Неожиданно в их разговор вмешался Чухра:

– Потянет сейчас Сеня матушку-пехоту перемирие обмывать.

– Потяну. Но не пехоту, а тебя. И не обмывать, а язык отрывать.

– Один – ноль, Вася! – подначил Чухру болельщик-лейтенант. В этот момент Козырев с треском загнал в угол решающий шар.

– Три – ноль! – едко вставил Маркин. – Расплачивайся, Чухра!

И сразу у Мельникова возникло подозрение: Чухра подслушивал разговор. Складывая в треугольник шары, Александр Васильевич внимательно глядел вслед Чухре. Вот он подошел к маркеру, протянул деньги и, кажется, подмигнул. Неужели какой-то знак?..

За ушедшим Чухрой порывался уйти из бильярдной и Маркин, но Козырев остановил его:

– Давай еще немного посмотрим, Семен! Сейчас только восемь. Тети Гали все равно еще нет дома.

О какой тете Гале шла речь, Мельников не знал. Вроде ненароком подошел к Козыреву.

– Куда это вы собрались с Маркиным, если не секрет?

– Комнатка недалеко от меня есть свободная. Семен просит с хозяйкой познакомить. Из общежития хочет уйти.

Зачем ему покидать общежитие?

– Козырев, вы не могли бы к одиннадцати подойти к Дому офицеров?

– Раз это необходимо...

А вернувшийся Чухра что-то советовал Волкову. Степан Герасимович произвел удар, и кругляш кожи слетел с кия на зеленое сукно.
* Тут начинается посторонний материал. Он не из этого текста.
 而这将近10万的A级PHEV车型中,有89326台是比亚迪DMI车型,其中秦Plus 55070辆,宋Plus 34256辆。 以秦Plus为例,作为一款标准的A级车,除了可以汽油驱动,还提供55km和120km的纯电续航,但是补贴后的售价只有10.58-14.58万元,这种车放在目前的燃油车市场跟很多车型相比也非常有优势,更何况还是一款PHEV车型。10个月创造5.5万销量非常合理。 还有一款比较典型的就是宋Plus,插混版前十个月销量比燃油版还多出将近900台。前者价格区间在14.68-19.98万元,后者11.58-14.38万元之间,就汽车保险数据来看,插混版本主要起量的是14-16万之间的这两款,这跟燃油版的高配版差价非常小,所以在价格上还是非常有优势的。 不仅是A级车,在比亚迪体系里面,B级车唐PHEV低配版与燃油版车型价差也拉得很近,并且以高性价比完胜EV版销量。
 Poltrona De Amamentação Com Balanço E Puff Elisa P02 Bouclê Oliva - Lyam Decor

– Маркер! – крикнул Чухра, – неси новый кий подполковнику!

Никитыч недовольно поднялся со стула и с кием в руках направился в их сторону. Шел тяжеловато, припадая на левую ногу. Точно! Там был он! – безапелляционно заключил Мельников.
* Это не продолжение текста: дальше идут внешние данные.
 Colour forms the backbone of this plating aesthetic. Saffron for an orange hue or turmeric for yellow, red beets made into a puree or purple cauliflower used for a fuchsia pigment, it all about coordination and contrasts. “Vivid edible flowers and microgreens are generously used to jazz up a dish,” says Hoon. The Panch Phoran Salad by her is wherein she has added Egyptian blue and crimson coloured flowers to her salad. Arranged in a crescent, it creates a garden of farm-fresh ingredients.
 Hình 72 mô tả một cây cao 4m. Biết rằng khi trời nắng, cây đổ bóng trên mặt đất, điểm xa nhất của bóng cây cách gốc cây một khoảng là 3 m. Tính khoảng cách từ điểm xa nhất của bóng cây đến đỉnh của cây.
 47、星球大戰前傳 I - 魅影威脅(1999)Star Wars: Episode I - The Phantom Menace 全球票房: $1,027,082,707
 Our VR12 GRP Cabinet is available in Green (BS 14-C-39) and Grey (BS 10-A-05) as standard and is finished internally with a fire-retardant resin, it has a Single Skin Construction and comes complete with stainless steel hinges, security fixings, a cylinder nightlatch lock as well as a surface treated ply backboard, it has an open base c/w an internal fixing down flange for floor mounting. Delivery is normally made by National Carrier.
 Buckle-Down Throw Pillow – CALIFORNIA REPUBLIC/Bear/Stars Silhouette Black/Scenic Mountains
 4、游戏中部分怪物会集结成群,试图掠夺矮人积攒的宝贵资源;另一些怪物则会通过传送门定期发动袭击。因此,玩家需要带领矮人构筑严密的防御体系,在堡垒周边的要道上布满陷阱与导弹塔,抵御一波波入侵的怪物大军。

Да, на месте работы передатчика левый след был мельче правого. Виден лишь носок да часть каблука. Увлеченный размышлениями, Мельников машинально смотрел на маркера. Опомнился, заказал туза в угол, но кий от волнения скиксанул и свой ушел вбок, не задев туза. Получил от Степана Герасимовича такой укоризненный взгляд, что стало не по себе.

С трудом доиграв партию с Волковым, покинули с ним бильярдную. Волков ушел в гостиницу, а Мельников зашел к начальнику Дома офицеров. Договорились, что послезавтра к исходу дня у Мельникова будут данные обо всех лицах, работающих здесь. Перечень вопросов, на которые надо ответить, чекист оставил. Что интересует только маркер, конечно, не сказал. Заполняют анкеты все.
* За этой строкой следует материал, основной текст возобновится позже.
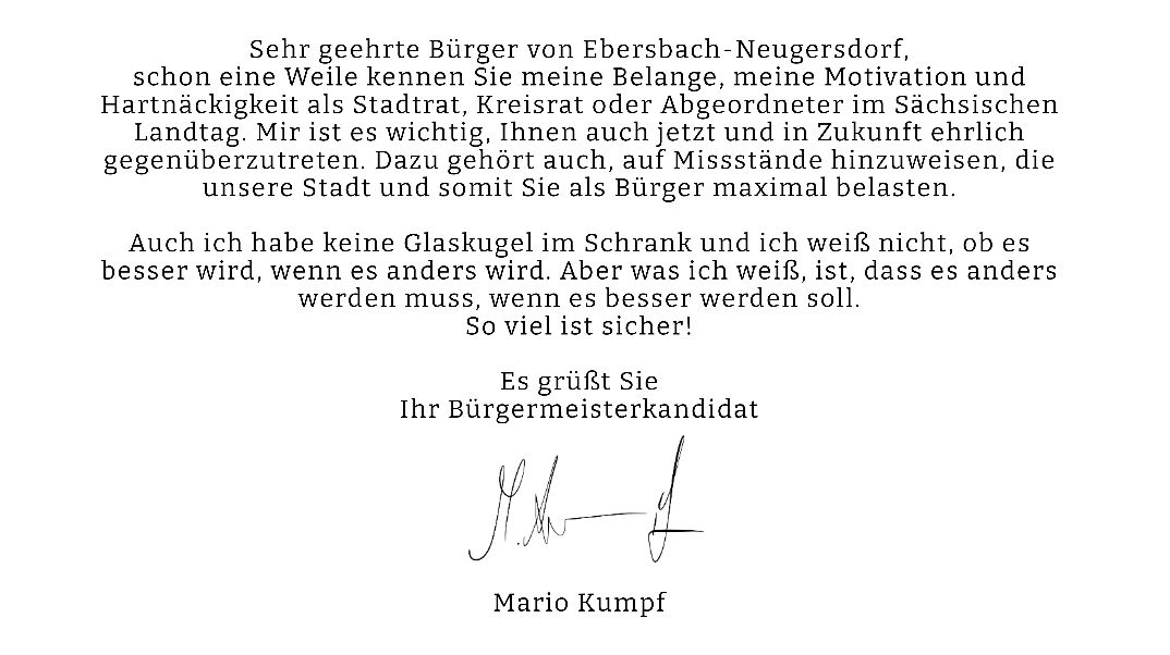 Mein Name ist Mario Kumpf, ich bin 1986 in Löbau geboren und lebe zusammen mit meiner Frau und meiner Tochter im Ortsteil Ebersbach in unserer Heimatstadt Ebersbach-Neugersdorf, der drittgrößten Stadt im Landkreis Görlitz.
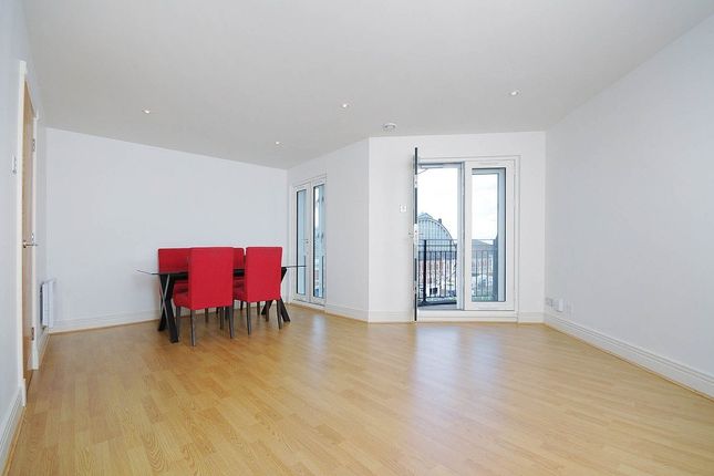 Situated on the fourth floor, the flat features a spacious and bright open-plan kitchen/reception area, complete with sleek, modern cabinetry, floor and wall-mounted units, and ample space for a dining table. The living area includes bespoke built-in shelving and a TV unit, seamlessly combining functionality with design. Patio doors lead to a private, wrap around south facing balcony, ideal for entertaining or enjoying al-fresco dining in the sun.

В вестибюле Мельников неожиданно встретился с Никитычем. Даже не нашелся, что сказать. Вырвалось:

– Капут?

– Какой капут? – в глазах маркера мелькнул испуг.

– Работе капут. Завтра-то выходной, – уточнил Мельников.

– А-а... – только и протянул Никитыч.

На улице сыпал мелкий снежок. Тонким налетом он припорошил асфальтовую дорогу. Отчетливо были видны следы свернувшего за угол Никитыча. Велик был соблазн получить оттиски этих следов.

Из-за угла внезапно вышел Чухра. Они едва не столкнулись. Неужели следил? Такая неосторожность!

Ожидать Козырева Мельников решил у входа в Дом офицеров. Когда стал подниматься по ступенькам, увидел Маркина. Тот вышел из помещения. Этому что надо?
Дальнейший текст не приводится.